The genesis of tragedy cannot be explained by saying that things happen, after all, just as tragically in real life. Art is not an imitation of nature but its metaphysical supplement, raised up beside it in order to overcome it. Nietzsche, The Birth of Tragedy
Zeus has led us on to know,
The Helmsman lays it down as law
that we must suffer, suffer into truth. the Chorus of Aeschylus’ Agamemnon
Twenty five centuries ago, on a hillside in Athens, Greeks would gather excitedly to watch men and women murdered, maimed, and driven to madness on the stage. They did this in religious festivals dedicated to their gods. Tragedy was for these Greeks a spectacle, a rite, and a source of wisdom. It helped them figure out who they were: it showed them situated precariously between civilization and savagery, between the bestial and the divine. In the theater, Greeks confronted their aspirations for nobility and justice and their despair at their all too human fragility. Occasionally they saw themselves triumph, beyond all expectation.
Twenty five centuries later, on the other side of the world, Aeschylus, Sophocles, and Euripides still invite us to suffer into truth, alongside Orestes, Oedipus, Jason, and the other doomed heroes. The centuries have scarcely dimmed or softened the harsh light to which, and by which, we are exposed by theater’s first masters.

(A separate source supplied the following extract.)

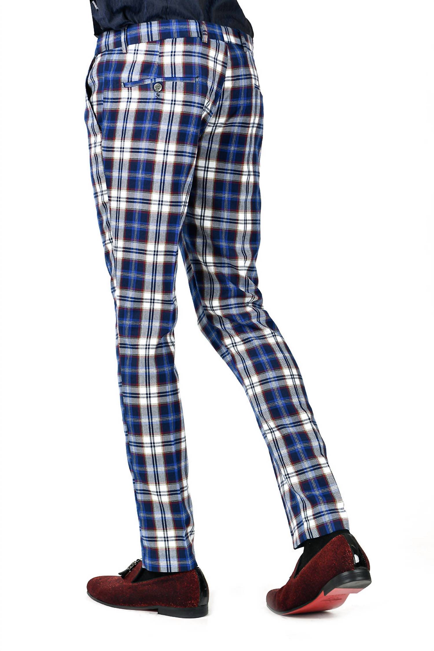 Introducing the Do It Pants by BARABAS, designed for the modern man seeking both style and comfort. These blue and white checkered plaid chino pants feature a slim fit with a straight leg and an innovative elastic waistband for added stretch. Crafted from a lightweight cotton blend (97% Cotton, 3% Spandex), they are perfect for casual and formal settings. Closure is a button type, and they are machine washable, featuring an inseam of 32 inches.

In this course, we study these playwrights’ tragedies partly in order to learn about ancient Greek views about fate, human nature, and divinity, among other themes. We also study them in order to face up to the hard teachings that the poets offer us about the same. We want to learn what tragedy is and what it can do for us. In these ambitions we will be helped by two profound interpreters of Greek tragedy, Aristotle and Friedrich Nietzsche.
Students will participate in seminars on the readings, stage scenes, and write interpretive and imaginative responses to the tragedies.
Texts to purchase: (see books page for required editions)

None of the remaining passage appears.